*** Opening Available data ***

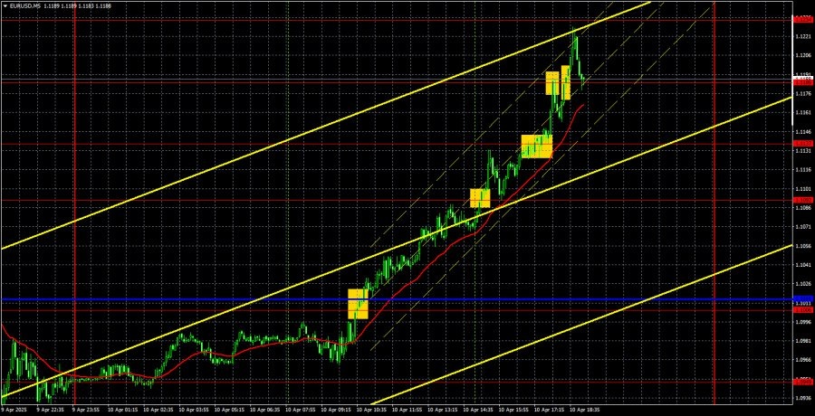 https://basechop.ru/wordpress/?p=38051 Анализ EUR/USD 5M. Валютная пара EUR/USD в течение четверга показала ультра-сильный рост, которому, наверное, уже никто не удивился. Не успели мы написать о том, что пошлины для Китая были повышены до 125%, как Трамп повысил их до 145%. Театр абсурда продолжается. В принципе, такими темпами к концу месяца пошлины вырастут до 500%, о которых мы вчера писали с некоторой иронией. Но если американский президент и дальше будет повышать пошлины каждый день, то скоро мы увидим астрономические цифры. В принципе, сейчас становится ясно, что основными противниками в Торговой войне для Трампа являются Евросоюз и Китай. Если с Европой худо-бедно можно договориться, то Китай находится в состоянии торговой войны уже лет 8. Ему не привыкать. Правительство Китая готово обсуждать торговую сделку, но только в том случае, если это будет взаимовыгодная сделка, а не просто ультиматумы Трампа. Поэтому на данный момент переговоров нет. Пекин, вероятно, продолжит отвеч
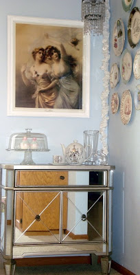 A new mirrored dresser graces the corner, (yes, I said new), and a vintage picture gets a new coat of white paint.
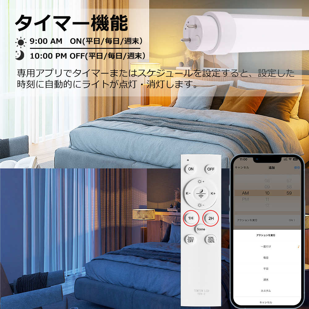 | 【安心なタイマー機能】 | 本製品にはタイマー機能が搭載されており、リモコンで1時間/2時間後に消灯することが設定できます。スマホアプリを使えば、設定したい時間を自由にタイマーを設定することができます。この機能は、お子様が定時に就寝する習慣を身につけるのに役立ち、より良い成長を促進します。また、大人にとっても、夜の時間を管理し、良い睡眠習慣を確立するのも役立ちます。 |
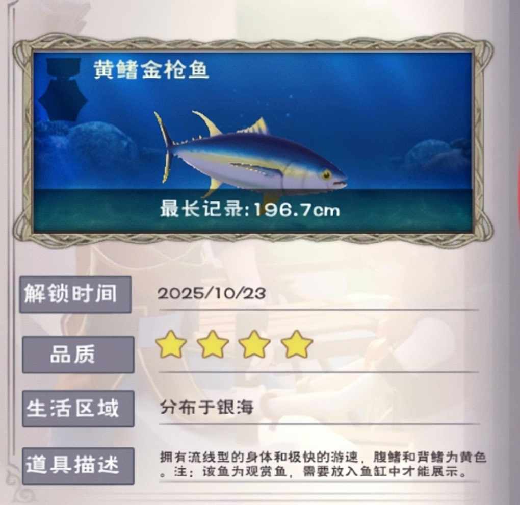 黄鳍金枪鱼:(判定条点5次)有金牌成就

*** Closing Available data ***

▶ _Task to carry out_
If a picture appears in the data, omit it; transcribe all the rest exactly.

▶ _Answer section_
 https://basechop.ru/wordpress/?p=38051 Анализ EUR/USD 5M. Валютная пара EUR/USD в течение четверга показала ультра-сильный рост, которому, наверное, уже никто не удивился. Не успели мы написать о том, что пошлины для Китая были повышены до 125%, как Трамп повысил их до 145%. Театр абсурда продолжается. В принципе, такими темпами к концу месяца пошлины вырастут до 500%, о которых мы вчера писали с некоторой иронией. Но если американский президент и дальше будет повышать пошлины каждый день, то скоро мы увидим астрономические цифры. В принципе, сейчас становится ясно, что основными противниками в Торговой войне для Трампа являются Евросоюз и Китай. Если с Европой худо-бедно можно договориться, то Китай находится в состоянии торговой войны уже лет 8. Ему не привыкать. Правительство Китая готово обсуждать торговую сделку, но только в том случае, если это будет взаимовыгодная сделка, а не просто ультиматумы Трампа. Поэтому на данный момент переговоров нет. Пекин, вероятно, продолжит отвеч
 A new mirrored dresser graces the corner, (yes, I said new), and a vintage picture gets a new coat of white paint.
 | 【安心なタイマー機能】 | 本製品にはタイマー機能が搭載されており、リモコンで1時間/2時間後に消灯することが設定できます。スマホアプリを使えば、設定したい時間を自由にタイマーを設定することができます。この機能は、お子様が定時に就寝する習慣を身につけるのに役立ち、より良い成長を促進します。また、大人にとっても、夜の時間を管理し、良い睡眠習慣を確立するのも役立ちます。 |
 黄鳍金枪鱼:(判定条点5次)有金牌成就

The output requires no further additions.